* WHAT THE TASK ASKS: Would you transcribe only the lines below, from the one containing "为拓展产品销售市场, (以下" through the end of the material, exactly and with no pictures?

___ SUPPLIED RECORDS ___

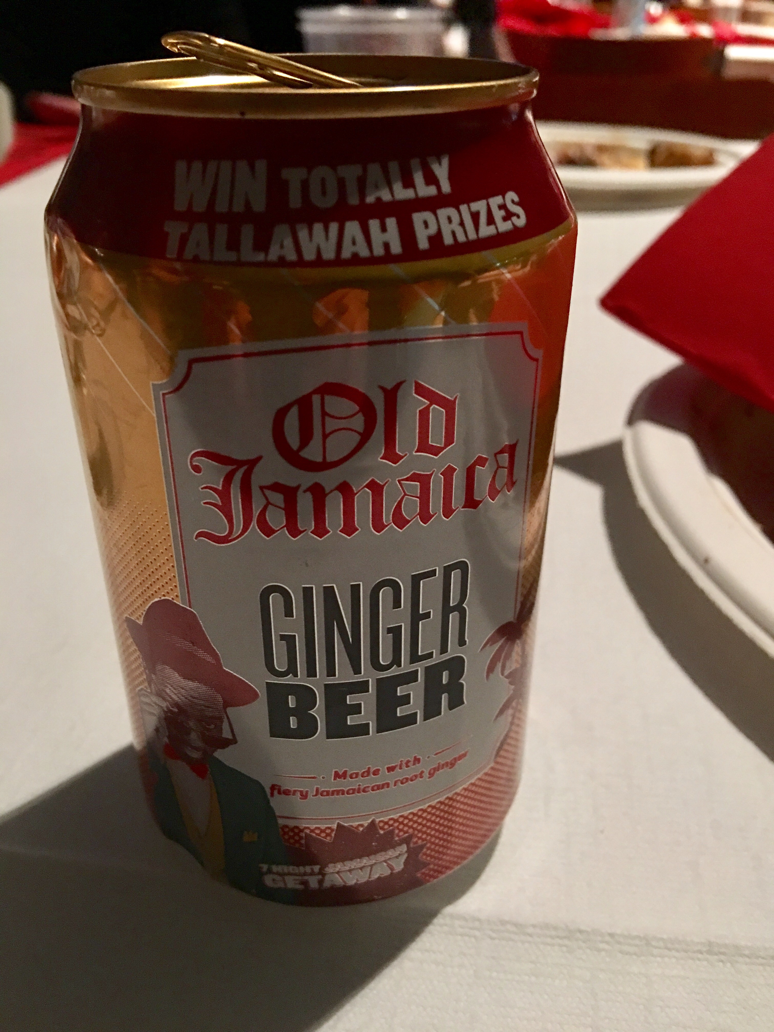 Meillä kuului iltaan ennen Ismo Alangon konserttia buffet menu ja pari drinkkilippua. Kysäisin sitten tiskillä, että onko teillä mitään muuta alkoholitonta kuin limpparia – ja sain aivan sairaan hyvän inkiväärioluen! Naamioiduin siis täydellisesti tölkkini kanssa ja hauskaa oli! Tätä pitää ostaa jouluksi, kerrassaan hurmaava maku!
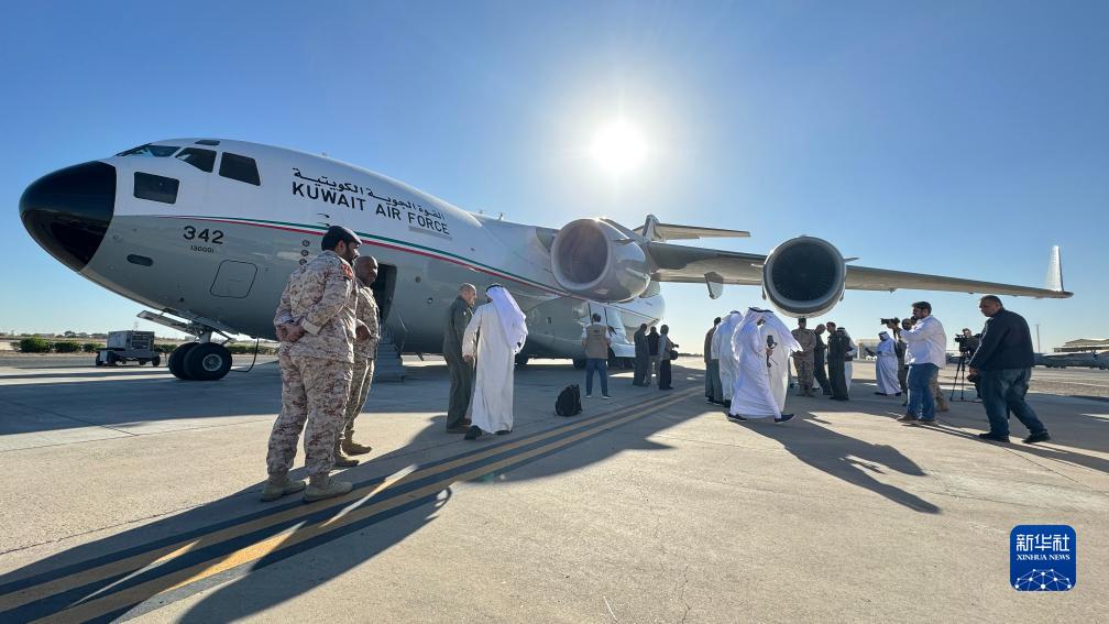當日,裝有一批人道主義救援物資的飛機從科威特機場(chǎng)起飛前往埃及。這批科威特為加沙地帶提供的救援物資包括8輛救護車(chē)以及多種醫療用品。
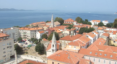 グリャン島の島影の静かなザダル海峡に面した小さな岬の上に、オレンジ色の瓦屋根の家々がギッシリひしめいている。かつてのイタリアの都市ザーラ(Zara)の旧市街だ。そして、現在のクロアチア第5の都市ザダルの見所は、この中に集中している。
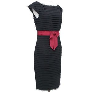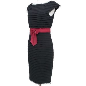 CHANEL Black Dress Cap Sleeve Cocktail Evening Tiered Bow Sheath Wool Sz 38
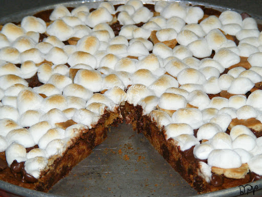 Cookie dough is pressed into a pizza pan and baked then immediately topped with milk chocolate candy or chips, small graham cracker pieces, and mini marshmallows then broiled until lightly browned. Ooey, gooey s'more deliciousness!!
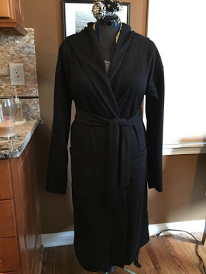 Remember my peacock robe? This is same pattern, done up in black sweatshirt fabric, before the sleeves were hemmed.
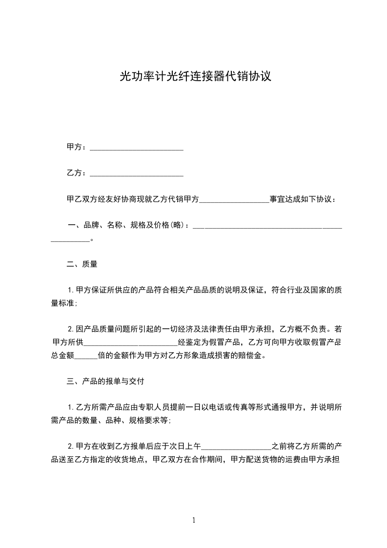 为拓展产品销售市场, (以下简称甲方)与(以下简称乙方),就乙方做为甲方大功率激光器成套设备代理商事宜,本着互惠互利原则,经友好协商达成如下协议:
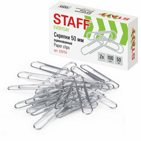 Скрепки большие 50 мм, STAFF "EVERYDAY", оцинкованные, 100 шт, в картонной коробке, россия, 226755 информация:
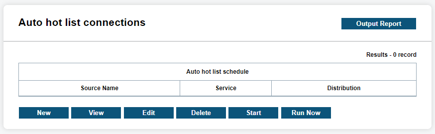 You will be presented with the following options: New, View, Edit, Delete, Start, and Output Report.
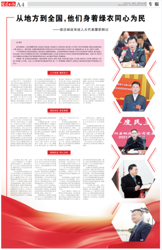他們是郵政人,傳民情履職盡責,用實際行動詮釋人民郵政為人民的宗旨;他們是人大代表,匯民聲共商國是,把群眾的需求裝在心里、放在心上。截至目前,中國郵政集團有限公司宿遷市分公司已走出各級人大代表10名,涵蓋全國、省、市、縣、鄉鎮五個層面。
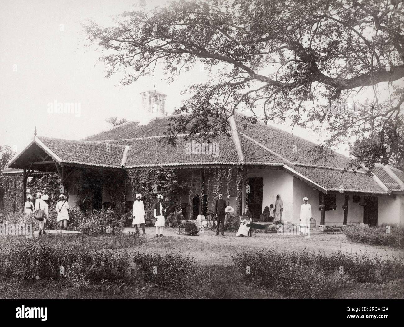vintage-19th-century-photograph-british-christian-missionary-couple-mission-bungalow-with-group-of-servants-india-c1880s-2RGAK2A.jpg
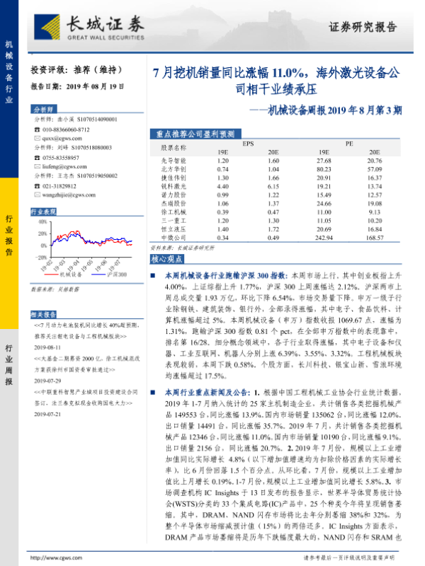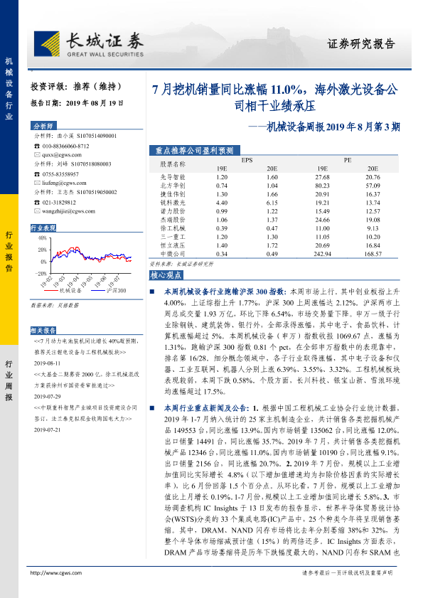 【长城证券】【20190819】机械设备周报2019年8月第3期:7月挖机销量同比涨幅11.0%,海外激光设备公司相干业绩承压-11页

___

* COMPLETED TASK:
 为拓展产品销售市场, (以下简称甲方)与(以下简称乙方),就乙方做为甲方大功率激光器成套设备代理商事宜,本着互惠互利原则,经友好协商达成如下协议:
 Скрепки большие 50 мм, STAFF "EVERYDAY", оцинкованные, 100 шт, в картонной коробке, россия, 226755 информация:
 You will be presented with the following options: New, View, Edit, Delete, Start, and Output Report.
他們是郵政人,傳民情履職盡責,用實際行動詮釋人民郵政為人民的宗旨;他們是人大代表,匯民聲共商國是,把群眾的需求裝在心里、放在心上。截至目前,中國郵政集團有限公司宿遷市分公司已走出各級人大代表10名,涵蓋全國、省、市、縣、鄉鎮五個層面。
vintage-19th-century-photograph-british-christian-missionary-couple-mission-bungalow-with-group-of-servants-india-c1880s-2RGAK2A.jpg
 【长城证券】【20190819】机械设备周报2019年8月第3期:7月挖机销量同比涨幅11.0%,海外激光设备公司相干业绩承压-11页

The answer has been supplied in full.